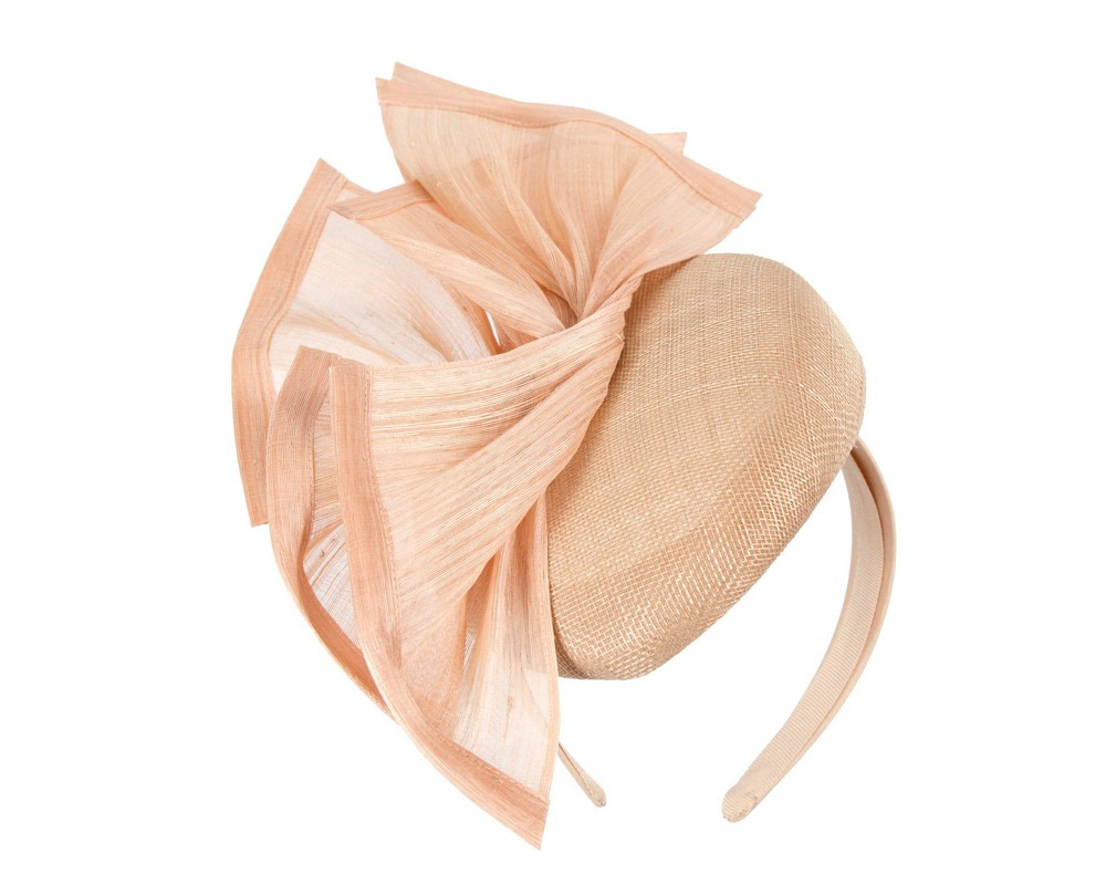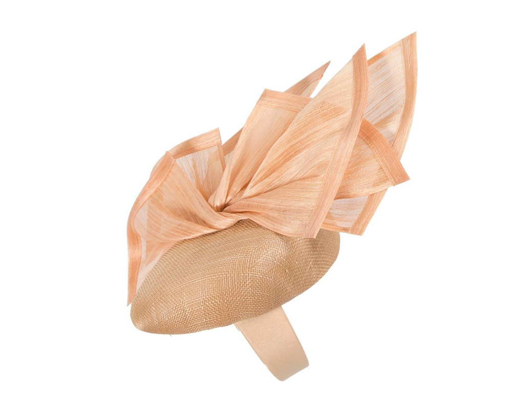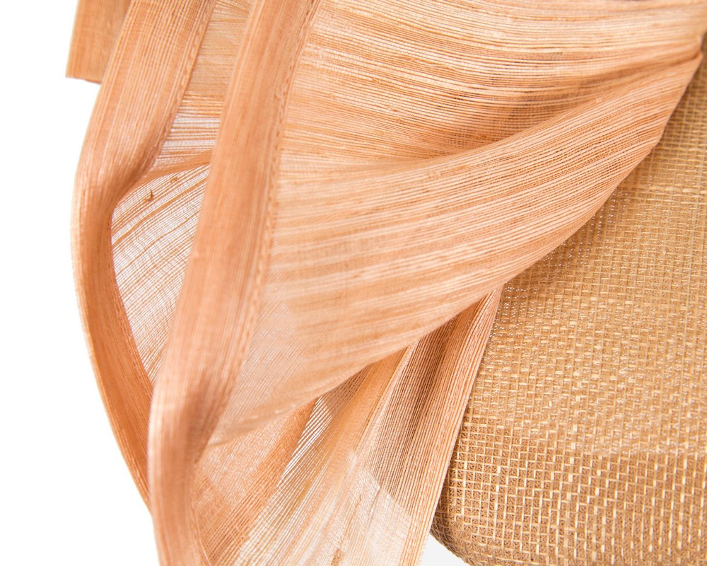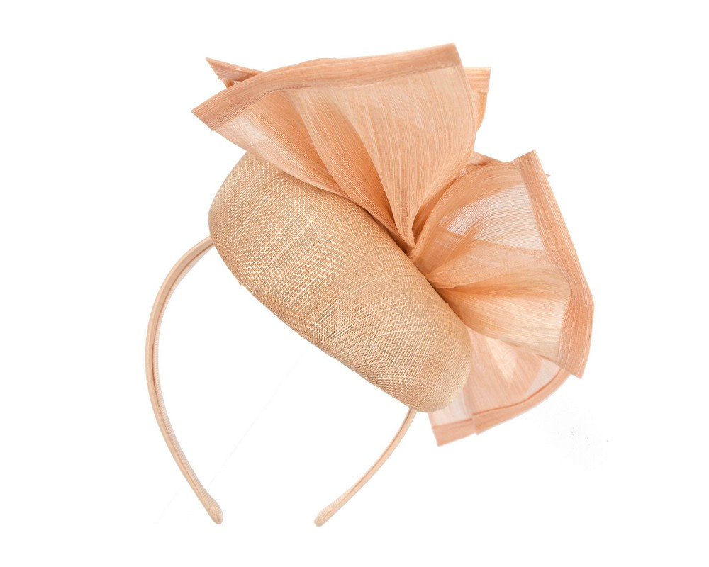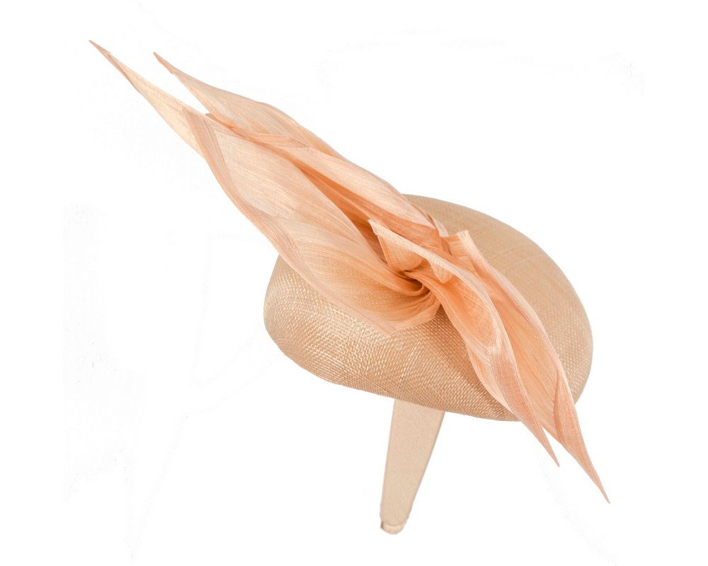 This exclusive fascinator is made right here, in Melbourne, by our experienced milliners. Classic nude pillbox base with hand-crafted silk abaca arrangement. It will be a highlight of your spring racing outfit.
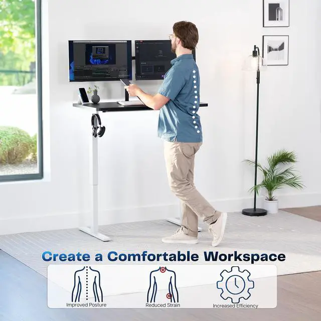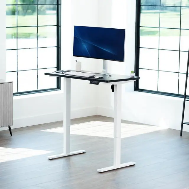 Transform your workstation to accommodate an active work life with the Black / White 43 x 24 Electric Desk (DESK-KIT-1W4B) from VIVO! Finding a healthy balance between sitting and standing throughout the long work day is made possible with electric height adjustment, telescopic legs, and a simple push button controller featuring 4 memory presets. The space-efficient table top provides room for dual monitor setups and important supplies so you can organize your workspace to fit your preferred layout. With a frame constructed of solid steel, this desk supports up to 220 lbs and is built to last. Cable management clips keep cords and cables neatly organized and hidden from view for a tidy workspace that encourages concentration. All hardware and instructions are provided, so you can get your new workstation assembled and experience your very own standing desk in no time!
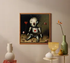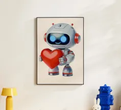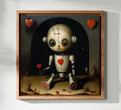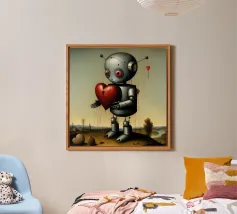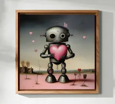 Robot con un cuore_14 alluminio dibond con Cornice Artbox
◇ ◇ ◇ ◇ ◇ ◇ ◇
Exercise requirements: All the material above must be copied exactly, and no picture belongs in the copy.

Problem solution:
 This exclusive fascinator is made right here, in Melbourne, by our experienced milliners. Classic nude pillbox base with hand-crafted silk abaca arrangement. It will be a highlight of your spring racing outfit.
 Transform your workstation to accommodate an active work life with the Black / White 43 x 24 Electric Desk (DESK-KIT-1W4B) from VIVO! Finding a healthy balance between sitting and standing throughout the long work day is made possible with electric height adjustment, telescopic legs, and a simple push button controller featuring 4 memory presets. The space-efficient table top provides room for dual monitor setups and important supplies so you can organize your workspace to fit your preferred layout. With a frame constructed of solid steel, this desk supports up to 220 lbs and is built to last. Cable management clips keep cords and cables neatly organized and hidden from view for a tidy workspace that encourages concentration. All hardware and instructions are provided, so you can get your new workstation assembled and experience your very own standing desk in no time!
 Robot con un cuore_14 alluminio dibond con Cornice Artbox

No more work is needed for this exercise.